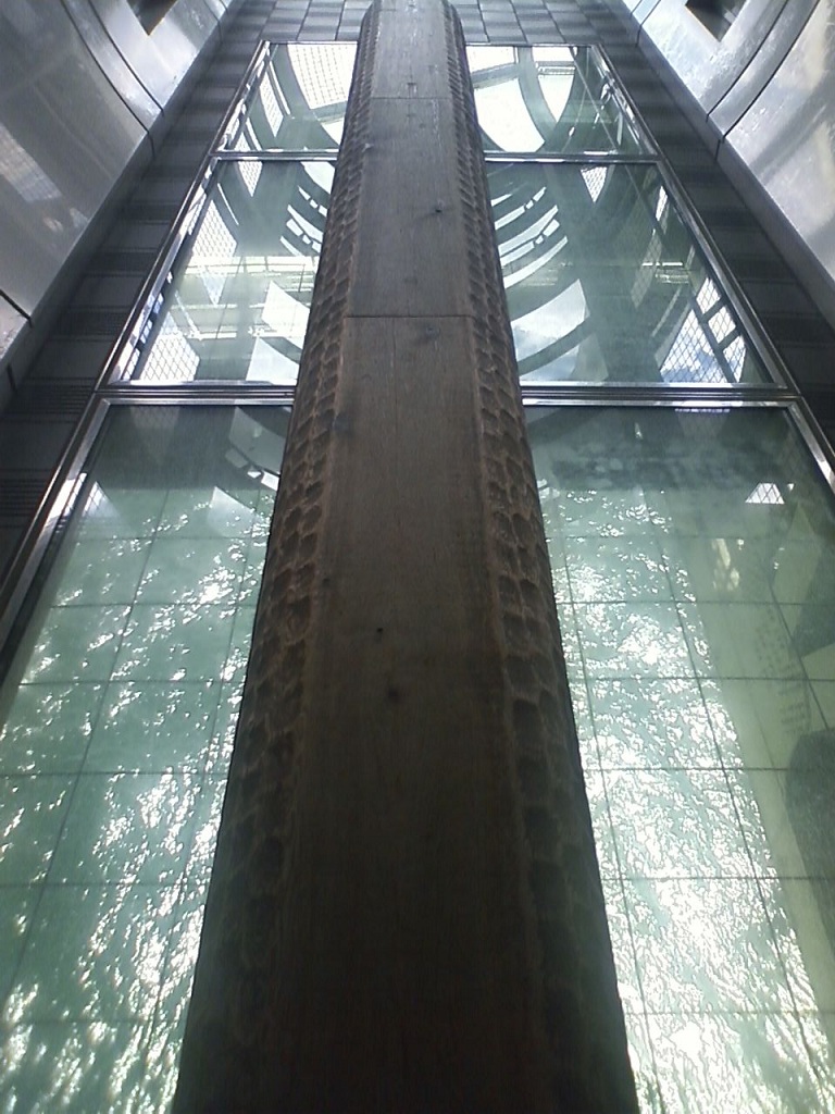 で、丸太橋を渡ってみると、こんな感じです。当然ですが、下は海でして、海面から反射する光でここだけ明るいんですね。しかも、海しか見えないとはいえ、結構高さを感じるので、高所恐怖症の人はちょっとダメかも。もっとも、基本的にここから落ちるってことはないんですけどね、ガラス張りですから。
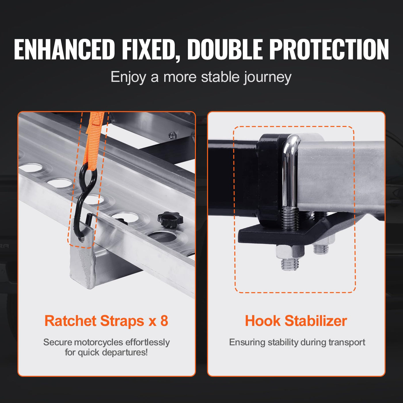 600LBS Weight Capacity: Our aluminum motorcycle hitch carrier with 600 weight capacity, can easily carry 2 motorcycles, ensuring stable support for motorcycles of all sizes, from lightweights to heavyweights, during transport. | Self-storing Ramp: The motorcycle carrier hitch mount with a 3.9ft / 1.18m self-storing ramp ensures easy motorcycle loading, no need for heavy lifting. Plus, you can conveniently attaches the ramp to the dirt bike carrier when not in use for added practicality and safe drive. | Durable Anodized Aluminum Alloy: Crafted with a robust yet lightweight aluminum structure, our dirt bike hitch carrier is built to last. The anodized treatment provides superior corrosion resistance, even when subjected to harsh weather conditions. Rain or shine, our dirt bike hitch hauler remains rust-free and reliable. | Effortless Installation, Enhanced Stability: Secure your motorcycle quickly and securely with the 8 ratchet straps included. The dirt bike trailer includes hook stabilizers that enhance stability during transportation and ensure your valuable vehicle reaches its destination safely. Additionally, the included 8 loop straps and a carrying bag will add convenience for you. | Wide Applications: Our motorcycle carrier hitch mount easily adapts to vehicles with a 2-inch receiver, catering to a wide range of motorcycle types. Whether you have heavyweight motorcycles, scooters, dirty bikes, or anything in between, this hitch carrier is your reliable partner for hassle-free transportation.
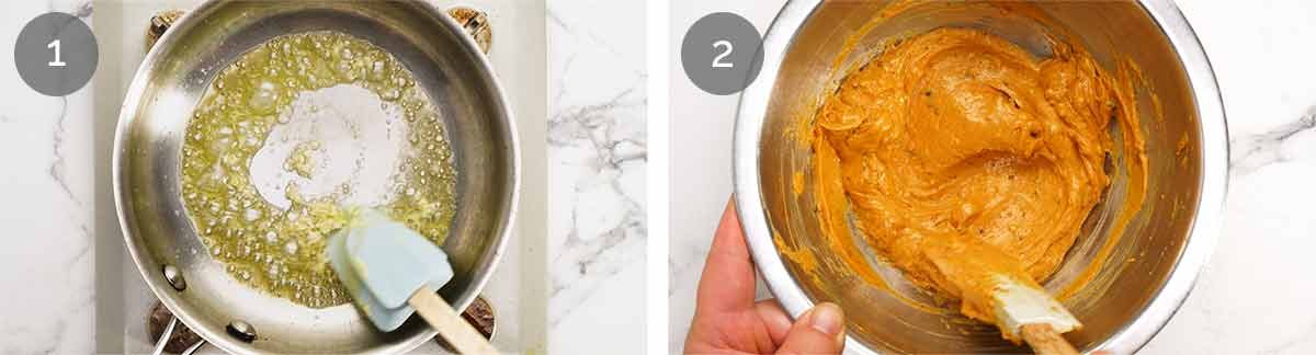 - Sauté garlic – In a small frying pan, melt 1 tbsp (15g) of butter over medium heat until it starts foaming then add the garlic and cook for 30 seconds while stirring until it becomes very, very light golden. Remove from the stove and let it cool for 3 minutes (the garlic will go more golden).

INSTRUCTIONS FOR THE TASK
Please print all the data above word for word. Pictures should not appear in the copy.

RESULT FOR THIS TASK
 で、丸太橋を渡ってみると、こんな感じです。当然ですが、下は海でして、海面から反射する光でここだけ明るいんですね。しかも、海しか見えないとはいえ、結構高さを感じるので、高所恐怖症の人はちょっとダメかも。もっとも、基本的にここから落ちるってことはないんですけどね、ガラス張りですから。
 600LBS Weight Capacity: Our aluminum motorcycle hitch carrier with 600 weight capacity, can easily carry 2 motorcycles, ensuring stable support for motorcycles of all sizes, from lightweights to heavyweights, during transport. | Self-storing Ramp: The motorcycle carrier hitch mount with a 3.9ft / 1.18m self-storing ramp ensures easy motorcycle loading, no need for heavy lifting. Plus, you can conveniently attaches the ramp to the dirt bike carrier when not in use for added practicality and safe drive. | Durable Anodized Aluminum Alloy: Crafted with a robust yet lightweight aluminum structure, our dirt bike hitch carrier is built to last. The anodized treatment provides superior corrosion resistance, even when subjected to harsh weather conditions. Rain or shine, our dirt bike hitch hauler remains rust-free and reliable. | Effortless Installation, Enhanced Stability: Secure your motorcycle quickly and securely with the 8 ratchet straps included. The dirt bike trailer includes hook stabilizers that enhance stability during transportation and ensure your valuable vehicle reaches its destination safely. Additionally, the included 8 loop straps and a carrying bag will add convenience for you. | Wide Applications: Our motorcycle carrier hitch mount easily adapts to vehicles with a 2-inch receiver, catering to a wide range of motorcycle types. Whether you have heavyweight motorcycles, scooters, dirty bikes, or anything in between, this hitch carrier is your reliable partner for hassle-free transportation.
 - Sauté garlic – In a small frying pan, melt 1 tbsp (15g) of butter over medium heat until it starts foaming then add the garlic and cook for 30 seconds while stirring until it becomes very, very light golden. Remove from the stove and let it cool for 3 minutes (the garlic will go more golden).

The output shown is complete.